Exercise
Everything in the records below from the line containing "73회 2월 16일(일), 74회" through the line containing "deserto. [immagine] |" is to be reproduced exactly, those two lines included; no picture is to be copied.

Supplied entries

::::::

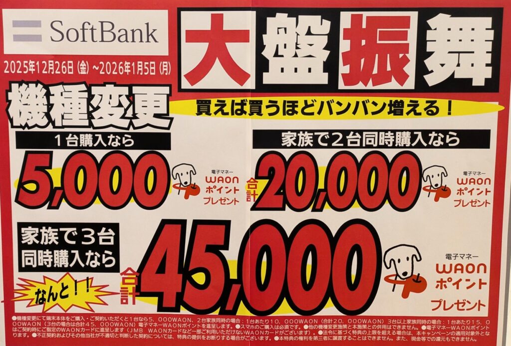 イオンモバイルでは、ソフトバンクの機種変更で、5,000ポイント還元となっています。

::::::

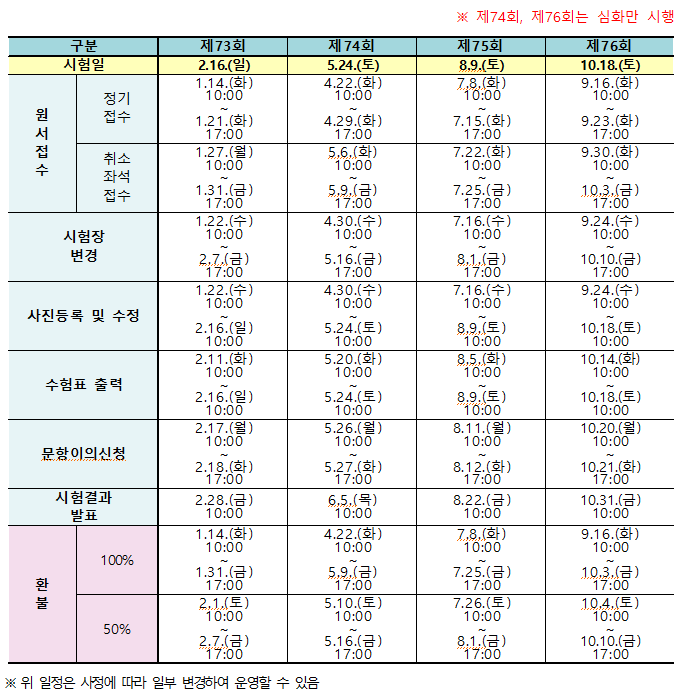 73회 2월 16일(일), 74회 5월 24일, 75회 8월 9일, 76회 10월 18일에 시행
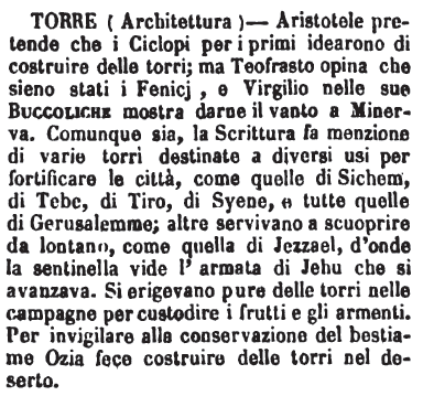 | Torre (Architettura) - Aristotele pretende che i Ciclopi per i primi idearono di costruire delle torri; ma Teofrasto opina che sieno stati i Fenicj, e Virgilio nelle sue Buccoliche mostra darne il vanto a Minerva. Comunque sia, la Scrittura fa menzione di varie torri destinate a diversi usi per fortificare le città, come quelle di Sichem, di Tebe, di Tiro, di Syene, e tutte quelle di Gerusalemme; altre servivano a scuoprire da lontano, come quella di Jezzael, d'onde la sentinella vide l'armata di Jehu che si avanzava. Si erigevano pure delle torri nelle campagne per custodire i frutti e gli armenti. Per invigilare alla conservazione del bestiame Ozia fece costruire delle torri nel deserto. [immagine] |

::::::

Solution to the problem
 73회 2월 16일(일), 74회 5월 24일, 75회 8월 9일, 76회 10월 18일에 시행
 | Torre (Architettura) - Aristotele pretende che i Ciclopi per i primi idearono di costruire delle torri; ma Teofrasto opina che sieno stati i Fenicj, e Virgilio nelle sue Buccoliche mostra darne il vanto a Minerva. Comunque sia, la Scrittura fa menzione di varie torri destinate a diversi usi per fortificare le città, come quelle di Sichem, di Tebe, di Tiro, di Syene, e tutte quelle di Gerusalemme; altre servivano a scuoprire da lontano, come quella di Jezzael, d'onde la sentinella vide l'armata di Jehu che si avanzava. Si erigevano pure delle torri nelle campagne per custodire i frutti e gli armenti. Per invigilare alla conservazione del bestiame Ozia fece costruire delle torri nel deserto. [immagine] |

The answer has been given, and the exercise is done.